The corpus covers a variety of language phenomena, ranging from syntax and semantics to generative model hallucinations. We release RuCoLA to facilitate the development of methods for identifying errors in natural language and create a public leaderboard to track the progress on this problem.
The dataset is available in the data/ folder of the repository.
Read more about RuCoLA in the corresponding blog post (in Russian).
Sources
Linguistic publications and resources
Original source | Transliterated source | Source id |
---|---|---|
Проект корпусного описания русской грамматики | Proekt korpusnogo opisaniya russkoj grammatiki | Rusgram |
Тестелец, Я.Г., 2001. Введение в общий синтаксис. Федеральное государственное бюджетное образовательное учреждение высшего образования Российский государственный гуманитарный университет. | Yakov Testelets. 2001. Vvedeniye v obschiy sintaksis. Russian State University for the Humanities. | Testelets |
Лютикова, Е.А., 2010. К вопросу о категориальном статусе именных групп в русском языке. Вестник Московского университета. Серия 9. Филология, (6), pp.36-76. | Ekaterina Lutikova. 2010. K voprosu o kategorial’nom statuse imennykh grup v russkom yazyke.
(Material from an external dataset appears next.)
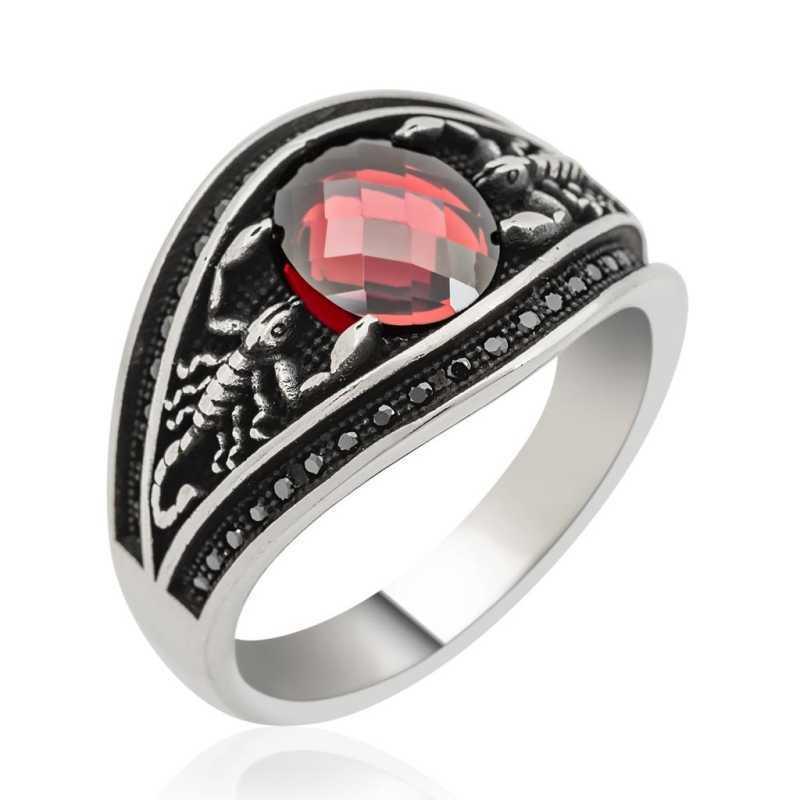 Known for its strong body and deadly sting, the scorpion informs of future dangers or difficult transformations. Since it is the zodiac sign, it is also highly preferred in accessories. It is known as a symbol of power due to the poison it contains, and is also known for its stubborn and unyielding nature. You can choose this stylish ring as a gift for yourself or your loved ones on birthdays, Father's Day or special days. The scorpion ring is made of 925 sterling silver. Oxide coating is applied to silver. Oxide-coated rings preserve their shine for a long time. The red stone on the ring is zircon. As with all men's rings, the silver scorpion men's ring is also handmade. There may be ± 10% deviation in the weight of the product due to silver and precious stones.

Moscow University Philology Bulletin. | Lutikova |
Митренина, О.В., Романова, Е.Е. and Слюсарь, Н.А., 2017. Введение в генеративную грамматику. Общество с ограниченной ответственностью "Книжный дом ЛИБРОКОМ". | Olga Mitrenina et al. 2017. Vvedeniye v generativnuyu grammatiku. Limited Liability Company “LIBROCOM”. | Mitrenina |
Падучева, Е.В., 2004. Динамические модели в семантике лексики. М.: Языки славянской культуры. | Elena Paducheva. 2004. Dinamicheskiye modeli v semantike leksiki. Languages of Slavonic culture. | Paducheva2004 |
Падучева, Е.В., 2010. Семантические исследования: Семантика времени и вида в русском языке; Семантика нарратива. М.: Языки славянской культуры. | Elena Paducheva. 2010. Semanticheskiye issledovaniya: Semantika vremeni i vida v russkom yazyke; Semantika narrativa. Languages of Slavonic culture. | Paducheva2010 |
Падучева, Е.В., 2013. Русское отрицательное предложение. М.: Языки славянской культуры | Elena Paducheva. 2013. Russkoye otritsatel’noye predlozheniye. Languages of Slavonic culture. | Paducheva2013 |
Селиверстова, О.Н., 2004. Труды по семантике. М.: Языки славянской культуры | Olga Seliverstova. 2004. Trudy po semantike. Languages of Slavonic culture. | Seliverstova |
Набор данных ЕГЭ по русскому языку | Shavrina et al. 2020. Humans Keep It One Hundred: an Overview of AI Journey | USE5, USE7, USE8 |
Machine-generated sentences
Datasets
Original source | Source id |
---|---|
Mikel Artetxe and Holger Schwenk. 2019. Massively Multilingual Sentence Embeddings for Zero-Shot Cross-Lingual Transfer and Beyond | Tatoeba |
Holger Schwenk et al. 2021. WikiMatrix: Mining 135M Parallel Sentences in 1620 Language Pairs from Wikipedia | WikiMatrix |
Ye Qi et al. 2018. When and Why Are Pre-Trained Word Embeddings Useful for Neural Machine Translation? | TED |
Alexandra Antonova and Alexey Misyurev. 2011. Building a Web-Based Parallel Corpus and Filtering Out Machine-Translated Text | YandexCorpus |
Models
- OPUS-MT. Jörg Tiedemann and Santhosh Thottingal. 2020. OPUS-MT – Building open translation services for the World
- M-BART50. Yuqing Tang et al. 2020. Multilingual Translation with Extensible Multilingual Pretraining and Finetuning
- M2M-100. Angela Fan et al. 2021. Beyond English-Centric Multilingual Machine Translation
- ruGPT2-Large
- ruT5
- mT5. Linting Xue et al. 2021. mT5: A Massively Multilingual Pre-trained Text-to-Text Transformer
Baselines
Requirements
To set up the environment, you will need to install a recent version of PyTorch, scikit-learn and Transformers. The requirements.txt file contains the list of top-level packages used to train all models below.
Models
Our code supports acceptability classification evaluation for the following scikit-learn and Hugging Face🤗 Transformers models:
Running experiments
To train acceptability classifiers on RuCoLA, run the following commands.
- scikit-learn models:
python baselines/train_sklearn_baselines.py -m {majority, logreg}
- Masked Language Model (e.g. ruBERT or XLM-R) finetuning:
python baselines/finetune_mlm.py -m [MODEL_NAME]
- ruT5 finetuning:
python baselines/finetune_t5.py -m [MODEL_NAME]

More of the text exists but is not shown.